A reflexão sobre a categoria do gosto, em sua acepção estética, é fundamental. Em torno dela uma série de problemas vêm à tona. Através dela, torna-se possível pensar como Adorno, ao mesmo tempo em que fez da arte e da experiência estética um espaço de resistência e crítica à razão instrumental, teve de lidar com o que há de mais específico à experiência estética: a experiência imediata. Exatamente ela, a imediatidade, a qual é tão afim ao positivismo – na esfera epistemológica – e às inúmeras outras formas de reificação, além de estar vinculada aos danos ocasionados pelo pensamento identitário.

Desse modo, espero mostrar como, por um lado, ela é instrumentalizada na indústria cultural e como, para manter a arte salvaguardada, Adorno teve que, de algum modo, conservá-la, uma vez que, sem essa dimensão mais imediata, espontânea, a arte tornar-se-ia semelhante à ciência, sem ser capaz de fazer o que esta faz – produzir conhecimento discursivo. A arte, que para Adorno (1970) é uma forma de conhecimento, não pode abrir mão desse momento – o imediato.

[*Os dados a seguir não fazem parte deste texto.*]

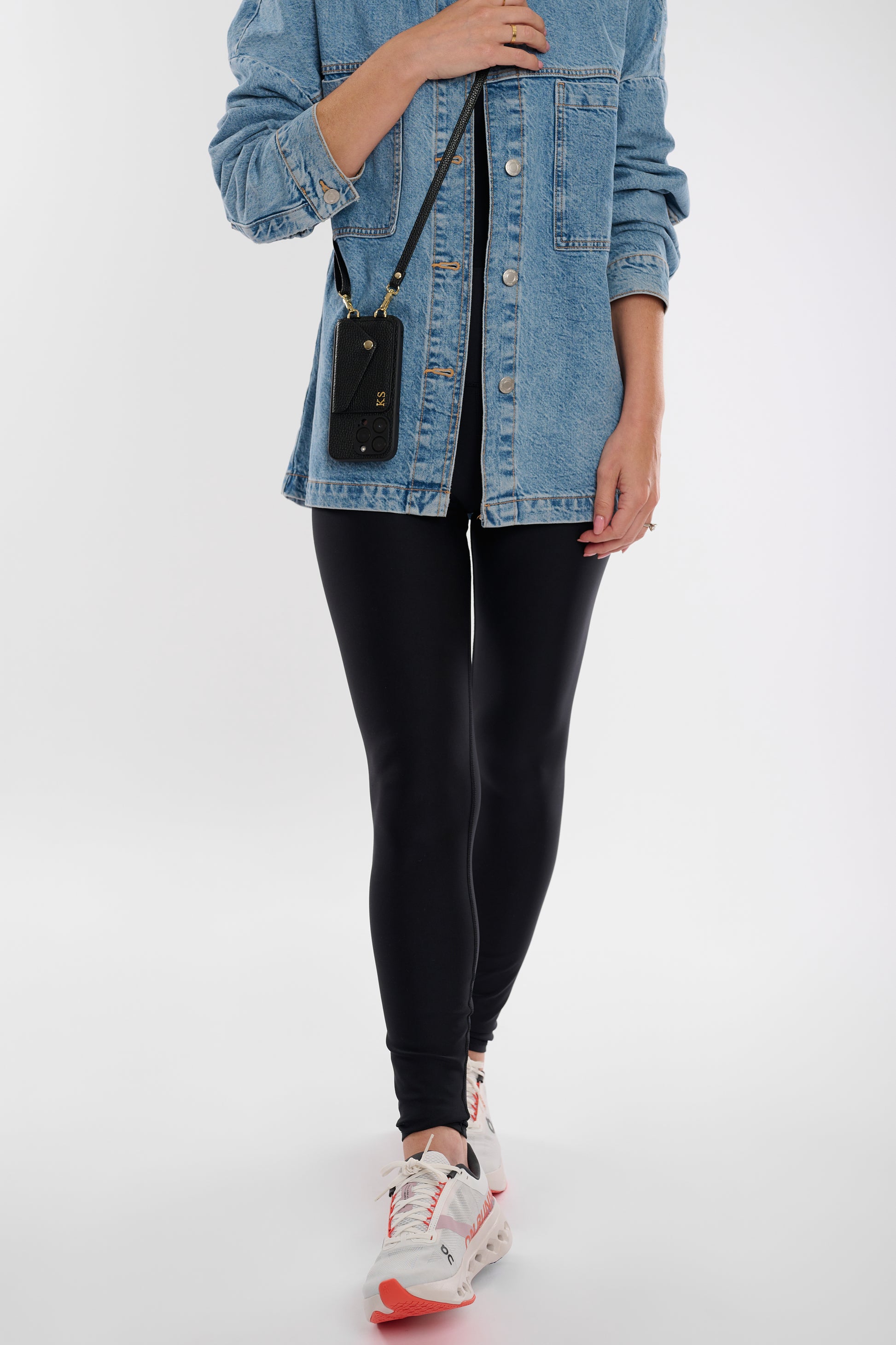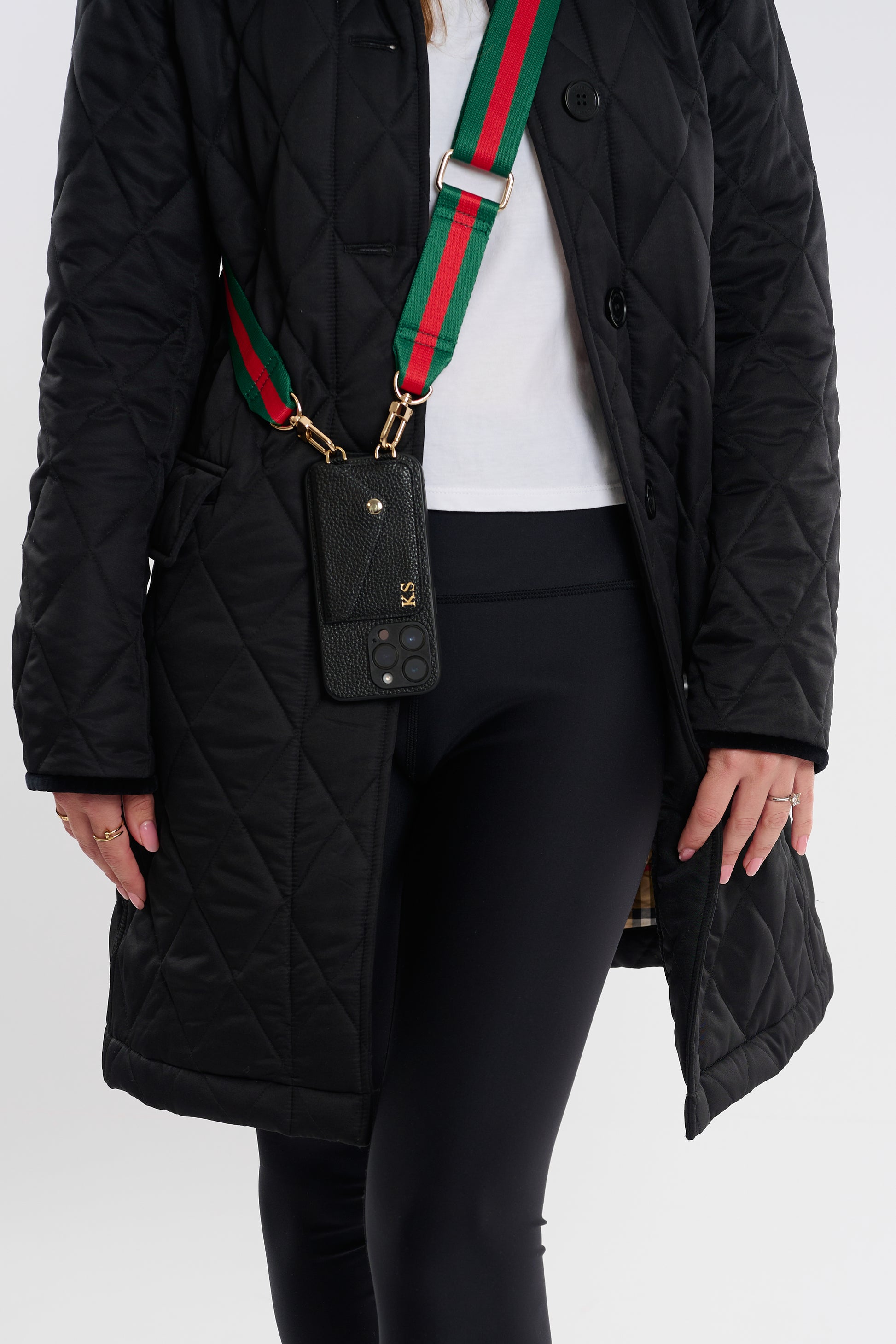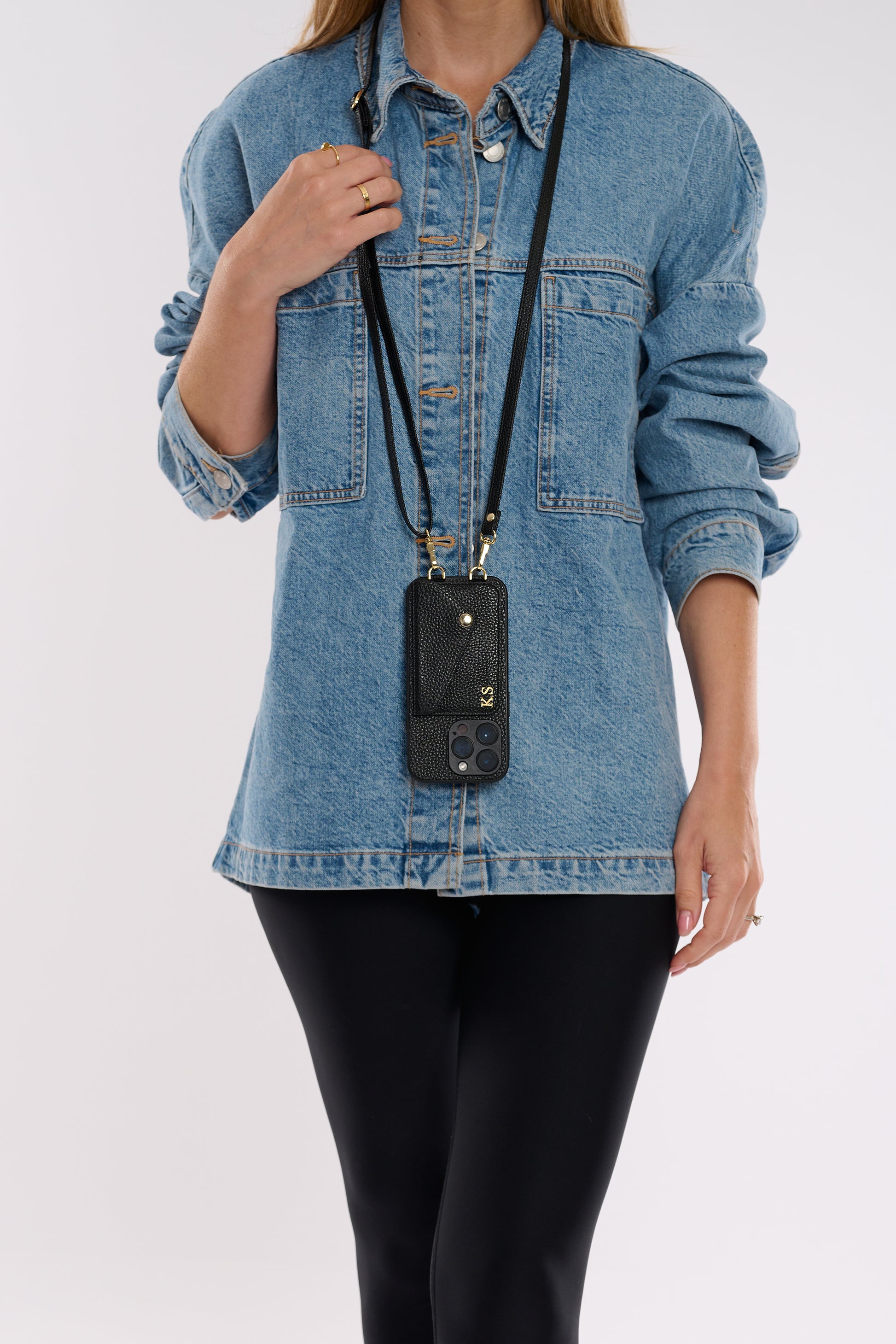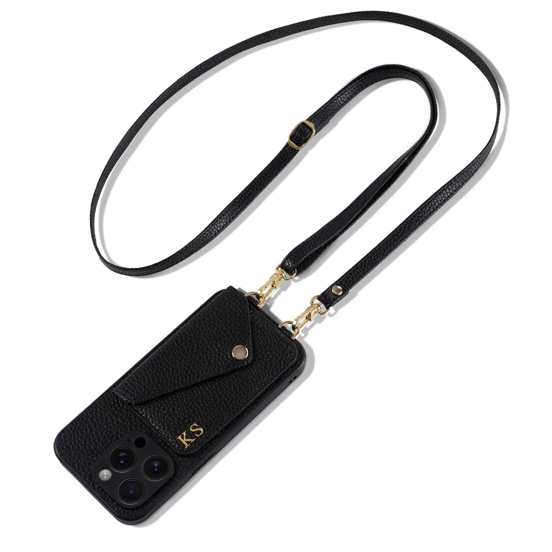 Discover our stylish leather crossbody phone case, perfect for iPhone 14, 14 Pro, 14 Pro Max, 15 Pro, and 15 Pro Max. Made from premium pebble grain leather, it features an adjustable strap for hands-free convenience, a built-in card holder, and customisable gold initials. Interchangeable straps allow you to personalise your look, making it practical and fashionable. Ideal for busy lifestyles and thoughtful gifting.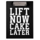 Lift Now, Cake Later - Carbs - Funny Workout Clipboard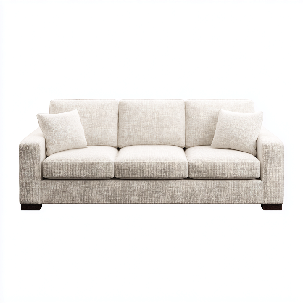 Divano a tre posti dal profilo lineare e ben definito, ideale per soggiorni contemporanei e ambienti residenziali. La tonalità avorio crea un effetto caldo e luminoso, facile da abbinare a palette neutre e legni naturali.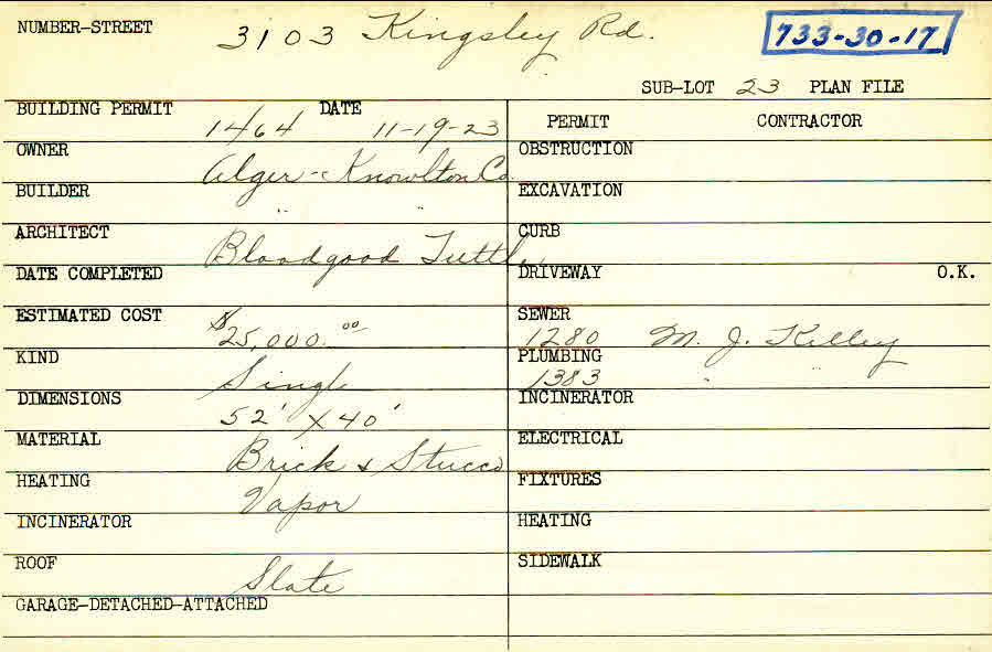 3103 Kingsley Road Shaker Heights, OH 44122 PARCEL ID: 733-30-017 Building Permit Date: 11-19-1923 Plan File Number: 0 Neighborhood: Malvern Owner: Alger-Knowlton Company Builder: Alger-Knowlton Company Architect: Tuttle, Bloodgood Estimated Cost: 25000 Kind: Single, Single Residence or Dwelling Material: Brick and Stucco Heating: Vapor Roof: Slate Card Available: yes |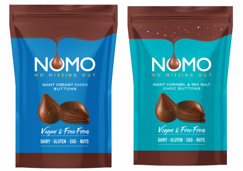 NOMO – the UK’s number one vegan and free from chocolate brand – has announced the launch of its giant chocolate drop shaped buttons in its most popular flavours, Creamy Choc and Caramel & Sea Salt.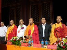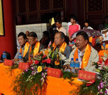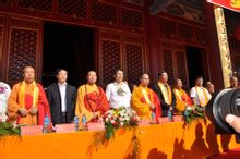 極樂寺左起:華嚴寺住持上妙下真大和尚;市委常委、副市長操學誠;五台山碧山寺竹林寺方丈上妙下江大和尚;市委常委、統戰部長姚生平;南京棲霞古寺方丈上隆下相大和尚;山西省委統戰部副部長、省宗教局(省民委)局長(主任)邊根棠;北京譚拓寺方丈上常下道大和尚;中共廣靈縣委書記、政府縣長郭占寶;極樂寺住持上昌下義大和尚。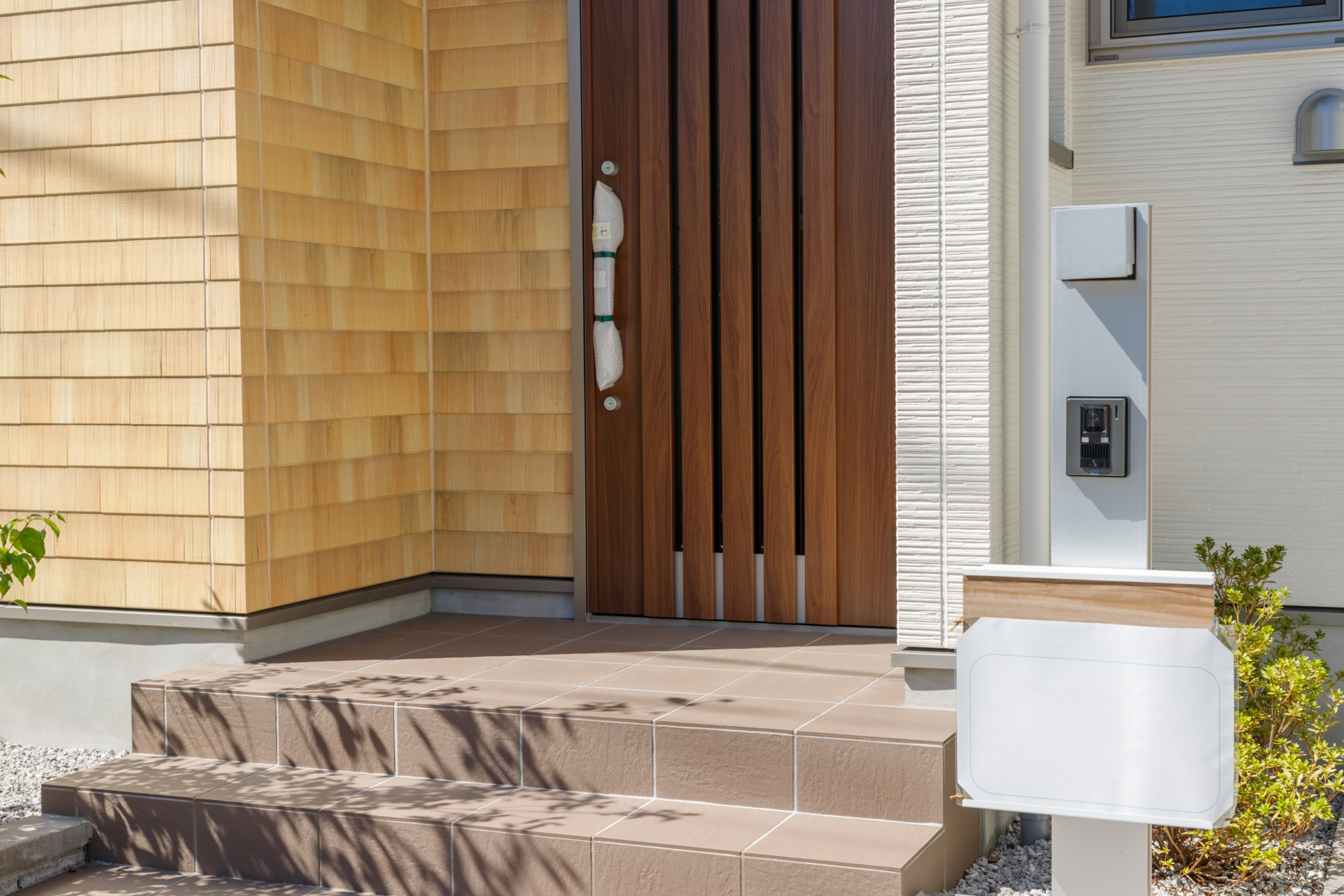 - 明るいトーンの石材や舗装材の色を使って、玄関周りの印象を軽やかにする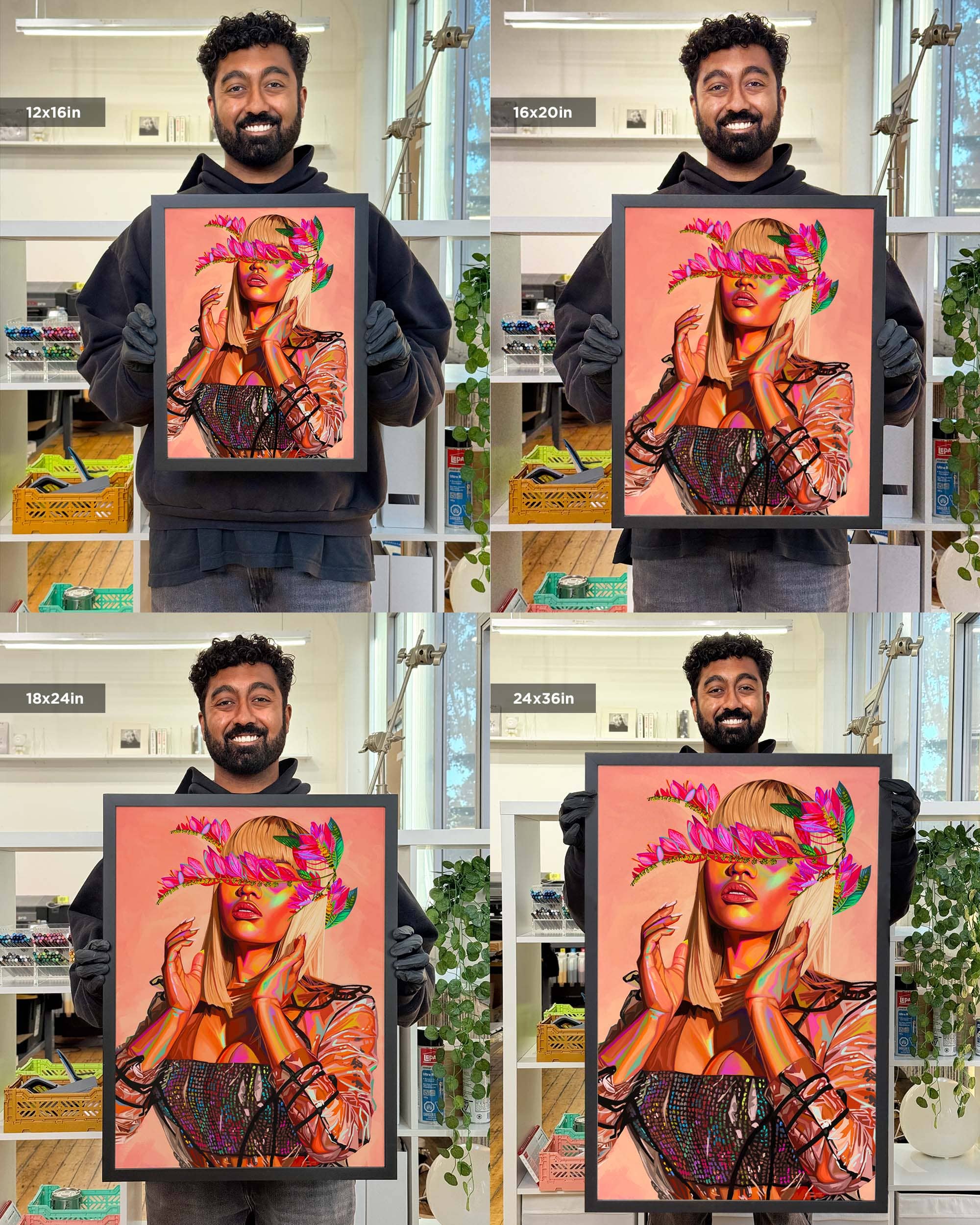 This isn't your standard poster. Be prepared to be blown away by the premium matte texture finish and brilliant colour application! They are printed with 12 pigment based-inks as opposed to the 4 dye-based inks found in standard inkjet printing. And each order is carefully rolled with tissue and securely packaged in a cardboard tube.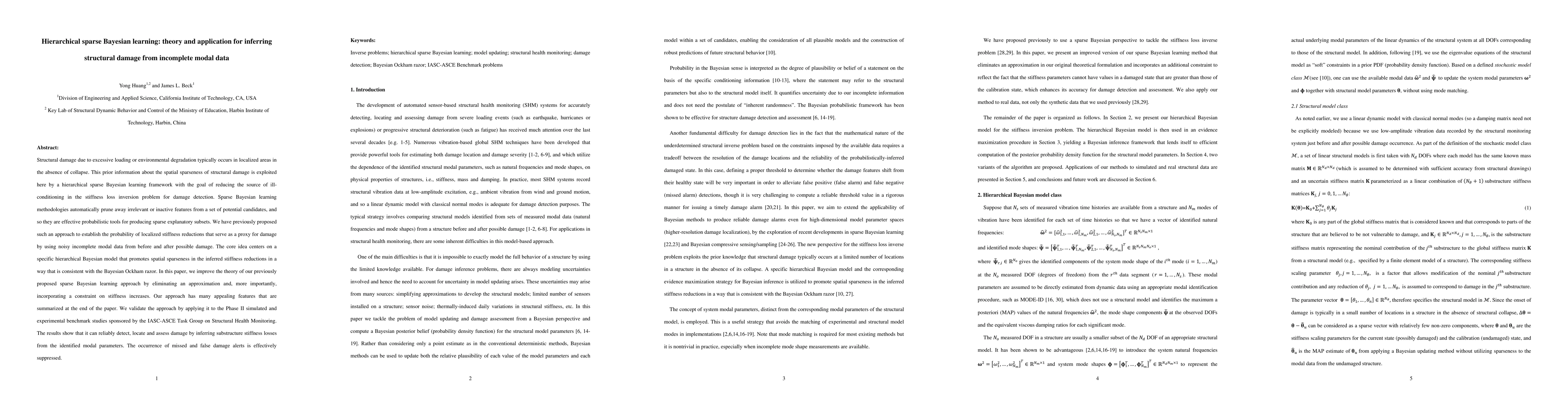 This paper proposes an improved hierarchical sparse Bayesian learning framework to detect structural damage from incomplete modal data, leveraging spatial sparseness and eliminating previous approximations. The refined model effectively identifies and assesses damage by minimizing false alarms and missed detections, validated through benchmark studies.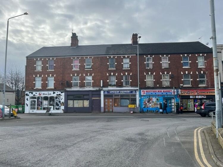 The site comprises of; 4-5 shops, 6 flats, advertising hoading and car park.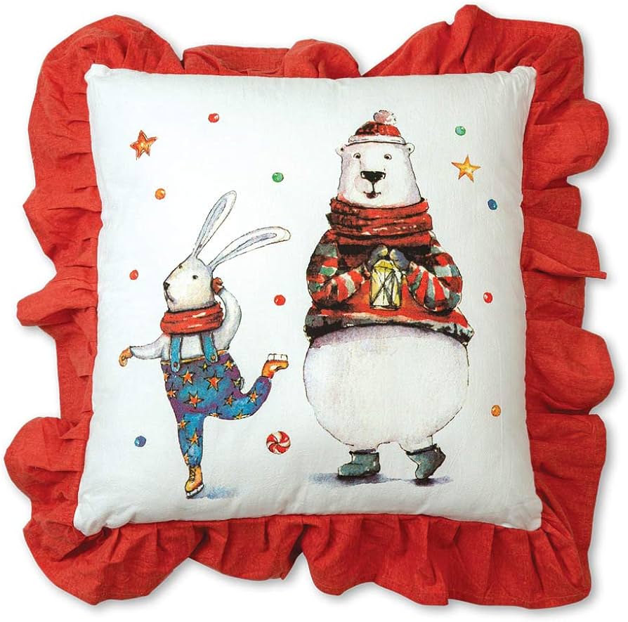 Throw Pillow with Bunny and Polar Bear This throw pillow is 100% cotton with a poly fill and zipper closure.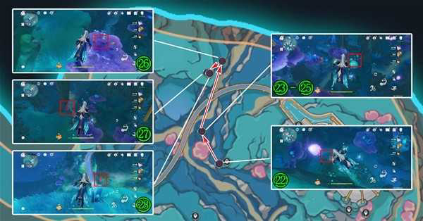 23-25、海底小道附近的球形植物上方,三个挑战为一个挑战桩。挑战为收集指定数量的微粒。

Assim, vamos, através da problematização do gosto – que é, em um de seus sentidos, a faculdade de julgar imediatamente o belo –, expor uma constelação de problemas.

Primeiro, apresentar a categoria do gosto e, a partir daí, expor e refletir sobre a posição da categoria do gosto na estética de Adorno, ao mesmo tempo em que, por outro lado, apontamos para sua posição em outras estéticas (Kant e Schiller) e na indústria cultural. Em um segundo momento, pensaremos a conexão existente entre <<gosto>> e <<jogo>>, estando este último ligado à ideia de que a arte está aquém e além da realidade, não visa ligar-se a ela, mas tornar-se uma esfera própria. Por fim, tematizaremos uma série de posições de Adorno com relação a aspectos históricos e sociais, nem sempre manifestos em sua estética.

Nessa tematização, insere-se tanto a questão da regressão da subjetividade quanto a antiga oposição existente entre o modo de conhecimento dialético e tudo aquilo que é pressuposto e proposto pelo positivismo. Nesta última proposta, para muitos, é bastante conhecida a posição entre Adorno, e a Escola de Frankfurt de um modo geral, e o positivismo. Entretanto, aqui tem-se um objetivo diferente da exposição desse debate. Quer-se mostrar como esta oposição – entre dialética e positivismo – reaparece na dimensão estética, de modo direto ou sublimado, estabelecendo uma distinção, segundo a perspectiva de Adorno, entre a arte, como lugar privilegiado para a persistência da dialética (parafraseando Jameson), e a indústria cultural, como modelo cultural do positivismo.